Presented by The American Hospital Association

With Daniel Lippman

LOBBYING BY CHINA-LINKED COMPANIES REBOUNDS: A handful of Chinese companies targeted by lawmakers earlier this year ramped up their lobbying last quarter after several were dumped by firms after being threatened with a blacklist.

— Drone manufacturer DJI Technologies spent $380,000 on federal lobbying in the second quarter of this year, up from $310,000 in the first quarter of 2024. Avoq and the Vogel Group both dropped the company in February, but it subsequently hired Sidley Austin, Porter Wright Morris & Arthur and Liberty Government Affairs.

— The drone maker’s outlays this year are still down from the $400,000 it spent in each quarter of 2023 and its quarterly record of $420,000 spent in the final months of 2020, when DJI was placed on a Commerce Department entity list. The company faced a new legislative threat this summer, with the House including language in its version of the National Defense Authorization Act that would block DJI drones from accessing FCC infrastructure.

— The Chinese biotech firms WuXi AppTec and WuXi Biologics also hiked their lobbying expenditures amid a push in Congress to block them and several other companies from doing business with the federal government. WuXi Bio, which registered its first in-house lobbyists this summer, reported dropping $125,000 on lobbying in Q2 — a more than 200 percent increase from the $40,000 WuXi Bio had been paying FGS Global each quarter.

— WuXi AppTec’s lobbying spending also bounced back last quarter after taking a dip at the beginning of this year. WuXi AppTec dropped $210,000 from April through June, up from $70,000 in Q1, according to lobbying disclosures. In the fourth quarter of 2023, when the company first registered to lobby, WuXi AppTec spent $100,000.

— Another Chinese biotech firm targeted in the BIOSECURE Act, Complete Genomics, decreased its lobbying spending last quarter — to $330,000 from $350,000 in the previous quarter. A fourth company named in the bill, BGI, was dropped by Steptoe — its only lobbying firm on retainer — in February, and has yet to hire another, according to disclosures.

— Amid a fight for its life last quarter, TikTok parent company ByteDance reported spending more than $3.3 million — its second-highest quarterly lobbying total, marking a 25 percent increase from the first quarter and a nearly 60 percent increase from the same period last year. The social media app told Bloomberg that part of the increase last quarter was due to employee stock vesting, which is considered a salary increase in the eyes of LDA reporting.

— And Shein, the fast fashion giant looking to distance itself from its Chinese roots and allay lawmaker concerns about a number of other issues, reported a record high in Q2 as well. The company dropped a little over $1 million last quarter, up from $970,000 at the beginning of 2024. The surge coincides with a hiring spree from Shein that added five new outside firms to its lineup since February, and means that the company has spent slightly less on lobbying in the first half of this year than in all of 2023.

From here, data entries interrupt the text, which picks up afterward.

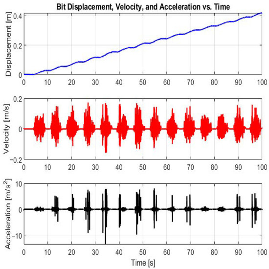 Several important observations arise from the case study. First, the open-loop scenario reveals inherent instability in the system, as the bit undergoes severe stick–slip oscillations and chaotic motion. Without any feedback control, these vibrations persist throughout the operation, making the drilling process both unsafe and inefficient. This result highlights the critical need for active vibration suppression strategies in rotary drilling systems.
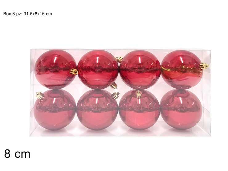 Red plastic Christmas balls. High quality and decorative ornament for your Christmas tree.
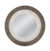 - Art deco-inspired round wall mirror with a distinctive gray rope frame
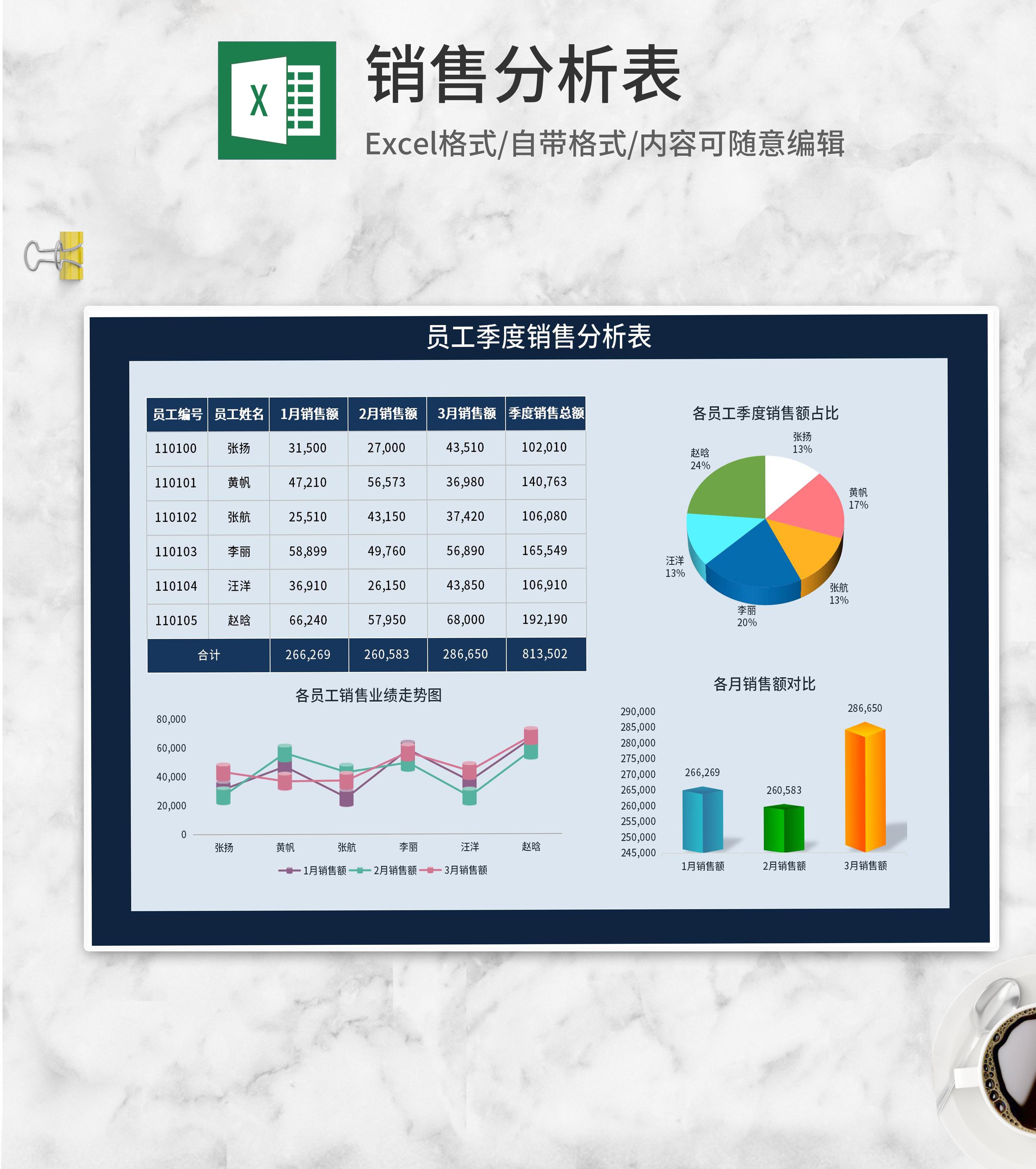 员工季度销售分析表Excel模板
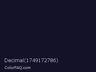 Decimal 1749172786 Color is a very dark indigo color and the nearest color is Mirage #161928. Hex code #141228 and RGB value is rgb(20,18,40). In RGB color space, this color is composed of 8% red, 7% green, 16% blue, In CMYK color space, this color is composed of 50% cyan, 55% magenta, 0% yellow , 84% black , In HSL color space, this color has a hue angle of 245° , 38% saturation and 11% lightness.
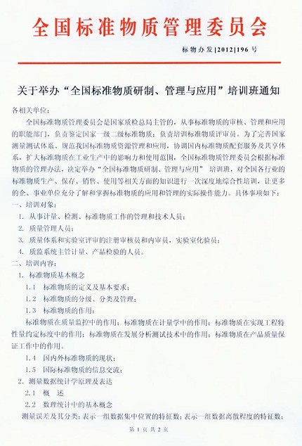 关于举办“全国标准物质研制、管理与应用”培训班的通知
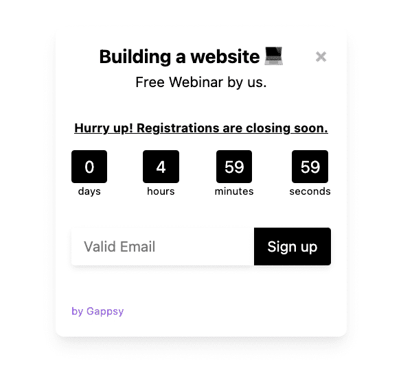 Create urgency/FOMO with a countdown timer and input for a lead generation
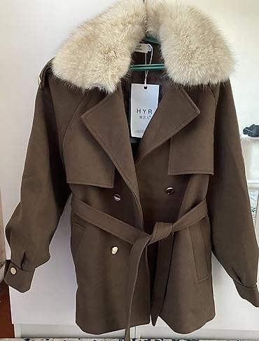 - Крой: укороченное пальто-тренч, прямой силуэт, двубортная застёжка на металлические пуговицы.
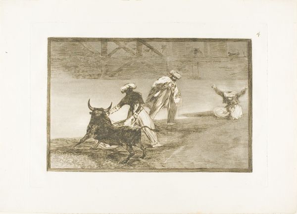 Curator: Goya's print, "Neither These," shows us a brutal scene. What strikes you right away? Editor: Darkness. It's a heavy, suffocating darkness. The figures almost melt into it, pulled down into despair. Curator: Goya's use of aquatint here is so powerful. He's not just depicting violence, but the mood around it. Editor: Exactly! It’s like the air itself is toxic, poisoned by what’s happening. It feels like a memory, a haunting afterimage of trauma. Curator: It certainly captures something universally troubling about human nature and conflict. Editor: Makes you wonder, doesn't it, what shadows lurk within us all.
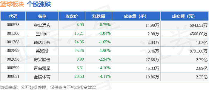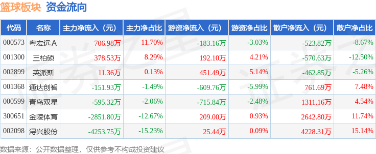 从资金流向上来看,当日篮球板块主力资金净流出6755.92万元,游资资金净流出630.74万元,散户资金净流入7386.66万元。篮球板块个股资金流向见下表:
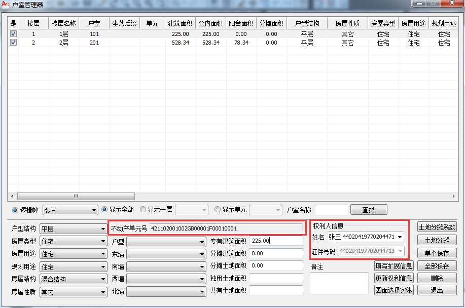 4. 生成不动产单元号后,可在户室管理器中查看,并填写房屋相关信息,权利人等。
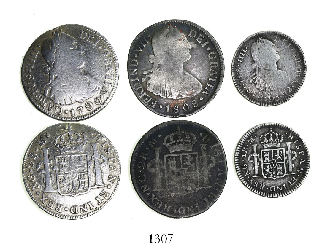 Lot of 3 Guatemala bust-type minors: 2R 1790M Charles IV; 2R 1808M Ferdinand VII (bust of Charles IV); and 1R 1802/1M. 16.20 grams total. About Fine on average, the 1808 deeply toned with rim-nick, the 1790 polished and possibly gilt, and the 1802/1 lightly scratched (but scarce).

TGIF and welcome to PI. The House may be gone until September, but we’re still pumping out newsletters over here, so keep your lobbying tips coming: coprysko@politico.com. And be sure to follow me on X: @caitlinoprysko.

 

A message from The American Hospital Association:

America’s hospitals and health systems are ready for you, 24/7. This week, about 1 in 100 of us will visit the emergency room. And by the end of this year, more than 130 million of us will have made this visit. You may not know when you’ll need us, but in America’s hospitals and health systems, we’re always ready — because emergencies don’t wait for business hours. This is the hospital story.

 

FIRST IN PI — FAMILY TIES: Illinois Gov. JB Pritzker, who is being considered as a Democratic vice presidential pick, has strongly criticized e-cigarettes over the last few years, adding regulations against vaping and equating vaping companies to “predatory lenders,” “opioid manufacturers” and “gun manufacturers,” Daniel reports.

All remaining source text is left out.